I don't really agree. Programming on our endless tech stack is meandering. And people come in all shapes, forms and level of expertise. I mean, sure, it's their platform, they can do whatever with it. But as an experience developer now, I still rather prefer an open/loose platform to a one that sets me to certain very strict guidelines. Also once you had negative experiences in SoF as a beginner, would you come back later? I didn't.


> Programming on our endless tech stack is meandering. And people come in all shapes, forms and level of expertise.

completely agree

> But as an experience developer now, I still rather prefer an open/loose platform to a one that sets me to certain very strict guidelines.

And that's also fine. It's just not what I think SO was trying to be. Reddit for those types of questions, HN for broader discussions and news, and SO for well-formed questions seems like a good state of things to me. (Not sure where discord fits in that)


> Let's just say the community was quite hostile to people trying to figure stuff out and learn.

I don't understand how there is supposedly any hostility on display there.


https://stackoverflow.com/questions/79530539/how-is-an-ssh-c...

Question: How is an SSH certificate added using the SSH agent protocol?

> Closed. This question is seeking recommendations for software libraries, tutorials, tools, books, or other off-site resources


> The community is reviewing whether to reopen this question as of 36 mins ago.

Asking where in the documentation is something is always tricky, specially because it usually means "I didn't read the documentation clearly". Also...

You went and deleted the question immediately after it was closed only to undelete it 2 hours ago (as the moment of writing)[0]. After it was closed, you had an opportunity to edit the question to have it looked at again but choose instead to delete it so that nobody will go hunting for that (once deleted, we presume that it was for a good reason). So, yeah, obviously you will be able to show that as example because you didn't give anyone the opportunity to look at it again.

[0]: https://stackoverflow.com/posts/79530539/timeline


> Asking where in the documentation is something is always tricky, specially because it usually means "I didn't read the documentation clearly". Also...

It’s not asking for documentation, it’s quite literally asking how to do something. There are links to documentation to prove that I read all the documentation I could (to preemptively ward off the question getting closed).

Yes, I deleted it because I solved the question myself, no need for it to exist as a closed question. How can I “Edit the question so it can be answered with facts and citations. You can edit the question or post a new one.”? The answer is quite literally facts (the message format) and citations which is what I was hoping to get from someone else answering.

I undeleted it so I could give this example.

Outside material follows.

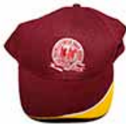
Baseball Style Cap $15.00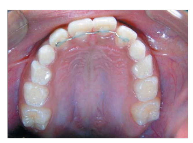
Figure 10. Maxillary bonded fixed retainer extending across the left to right lateral incisors and bonded to all 4 incisors for better stabilization.

> So, yeah, obviously you will be able to show that as example because you didn't give anyone the opportunity to look at it again.

What would looking at it again do? I had no idea it was being voted to close in the first place; I have no way to request a review; and the instructions for what to do to “fix” the questions make absolutely no sense so there’s nothing to change before it gets “looked at again”.

Insanity is doing the same thing over and over again and expecting different results.